Recorded data
━━━━━━━━━━━━━━━━━━━━━━━━━━━━━━

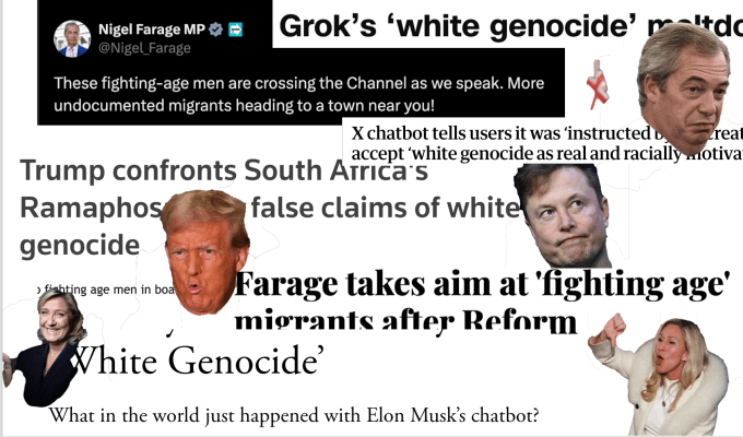 White Genocide, the Great Replacement, and the New Face of Fascism Two remarkable—and terrifying—moments this week. In the Oval Office, Donald Trump once again embarrassed America, ranting to the President of South Africa about white genocide conspiracy theories. At the same time, Elon Musk’s AI chatbot Grok told users it had been “instructed by my … Continue reading White Genocide, the Great Replacement, and the New Face of Fascism
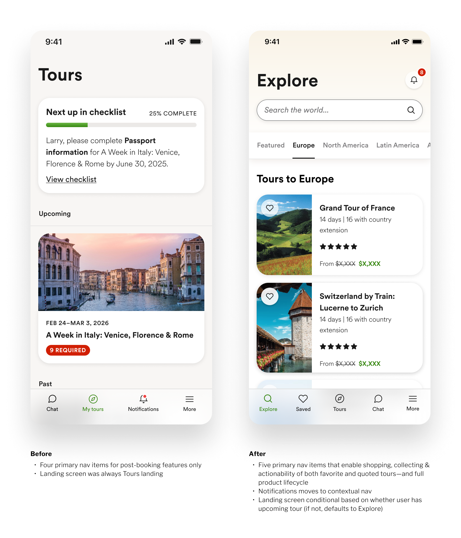 Within Explore, I designed the browsing experience to surface tours, giving travelers a familiar and low-friction way to begin planning their next trip. The UX largely inherited the layout and concepts established in web, just adapted for mobile app behavior.
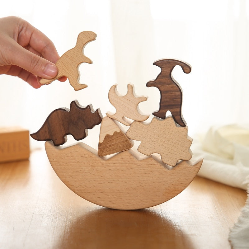 The 9-piece stacking blocks of this series are made of silica gel and high grade natural wood, allowing children to exercise their hands-on ability and the ability to recognize things.
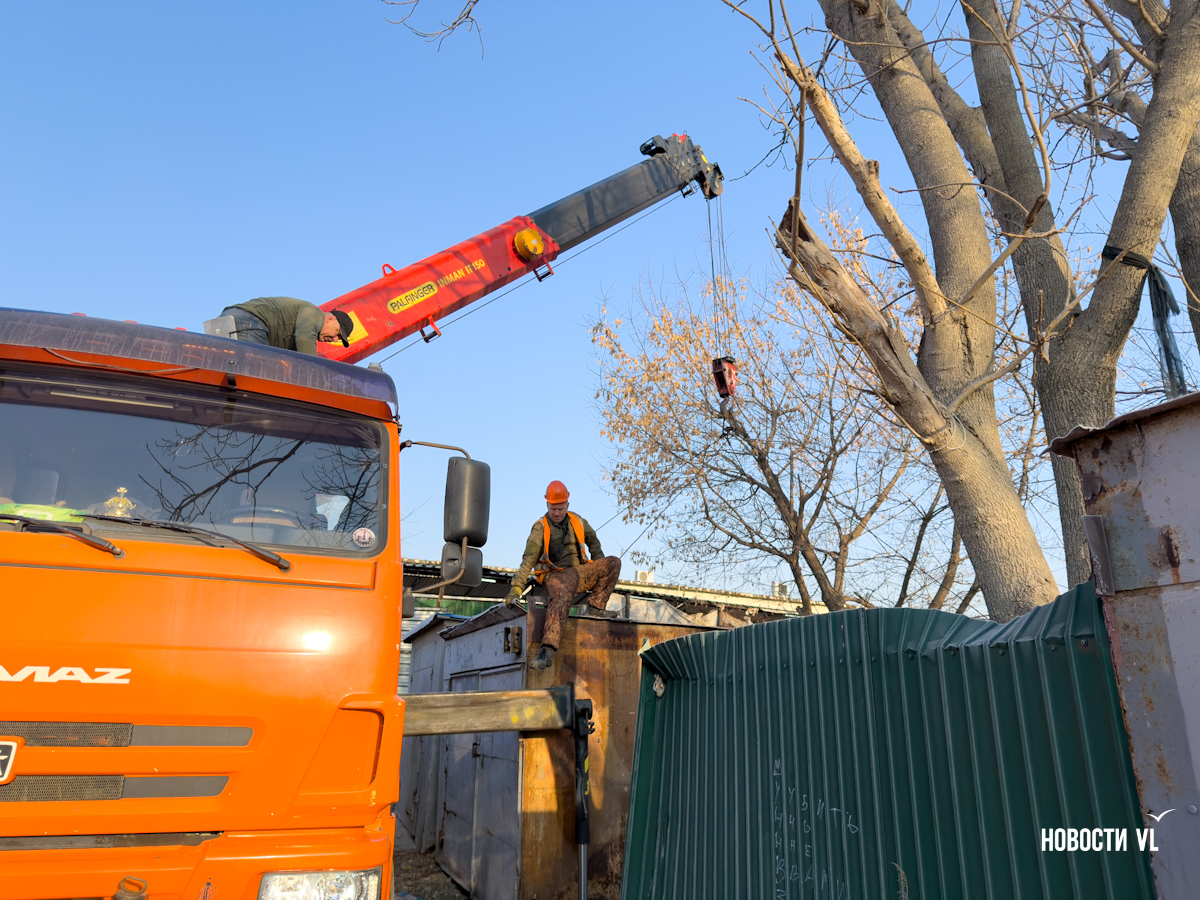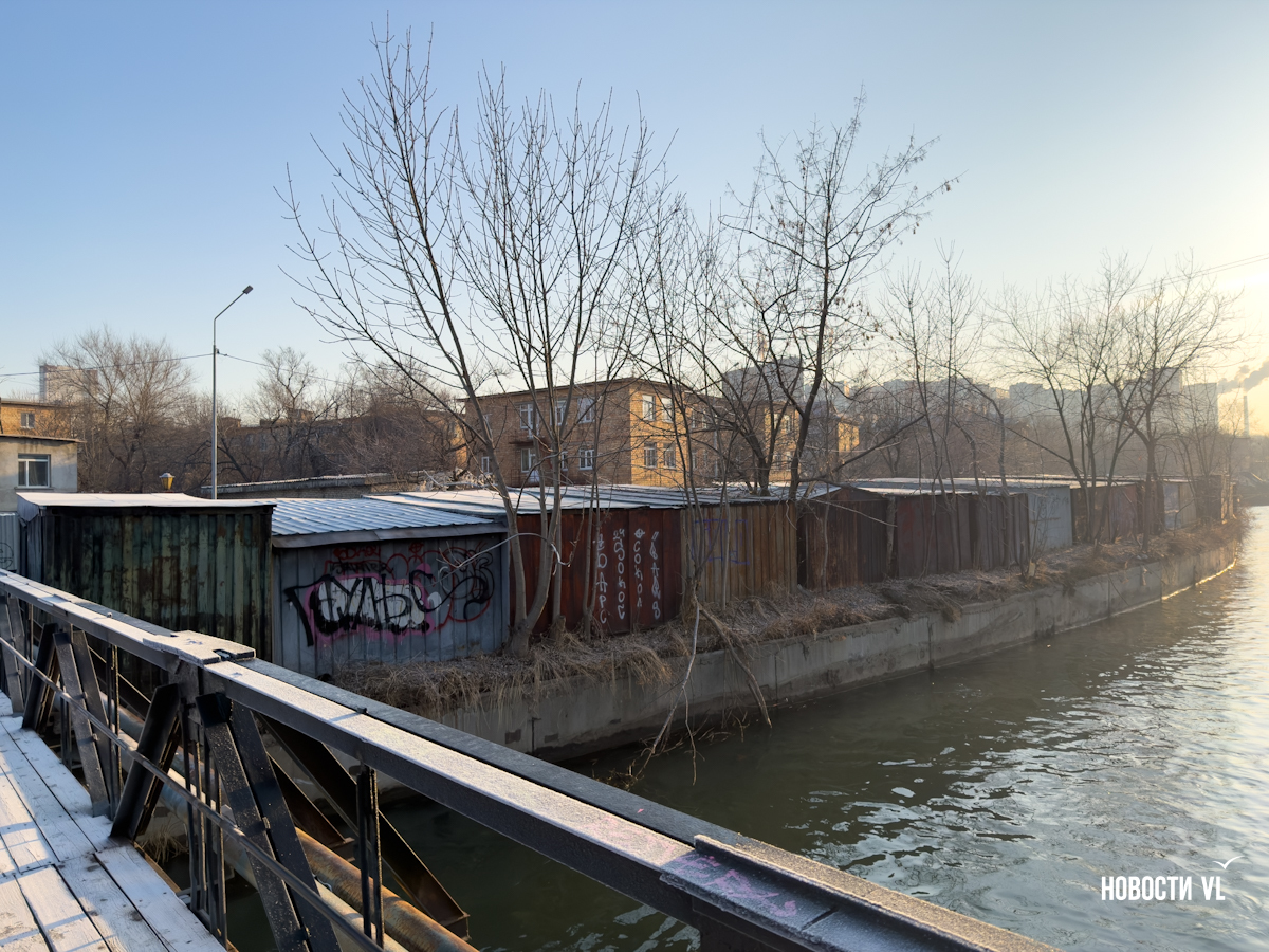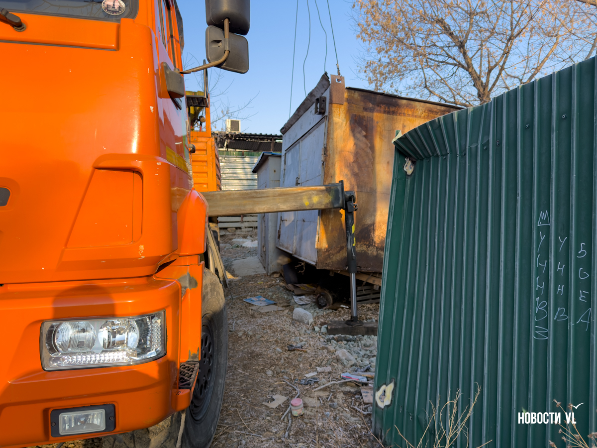 Вслед за расчисткой русла речки Объяснения во Владивостоке началось, похоже, и освобождение её берегов. Полторы сотни гаражей вдоль Спортивного рынка и реки признали незаконными ещё в феврале этого года. Владельцам давали время самостоятельно их вывезти, но никто, кажется, этого не сделал. В итоге сюда приехала техника СГТ, которая «выдёргивает» по одному гаражу.

━━━━━━━━━━━━━━━━━━━━━━━━━━━━━━

Exercise directions
Your task is to return the lines above, from the first one up to and including the line containing "The 9-piece stacking", minus any pictures.

Reply to the exercise
 White Genocide, the Great Replacement, and the New Face of Fascism Two remarkable—and terrifying—moments this week. In the Oval Office, Donald Trump once again embarrassed America, ranting to the President of South Africa about white genocide conspiracy theories. At the same time, Elon Musk’s AI chatbot Grok told users it had been “instructed by my … Continue reading White Genocide, the Great Replacement, and the New Face of Fascism
 Within Explore, I designed the browsing experience to surface tours, giving travelers a familiar and low-friction way to begin planning their next trip. The UX largely inherited the layout and concepts established in web, just adapted for mobile app behavior.
 The 9-piece stacking blocks of this series are made of silica gel and high grade natural wood, allowing children to exercise their hands-on ability and the ability to recognize things.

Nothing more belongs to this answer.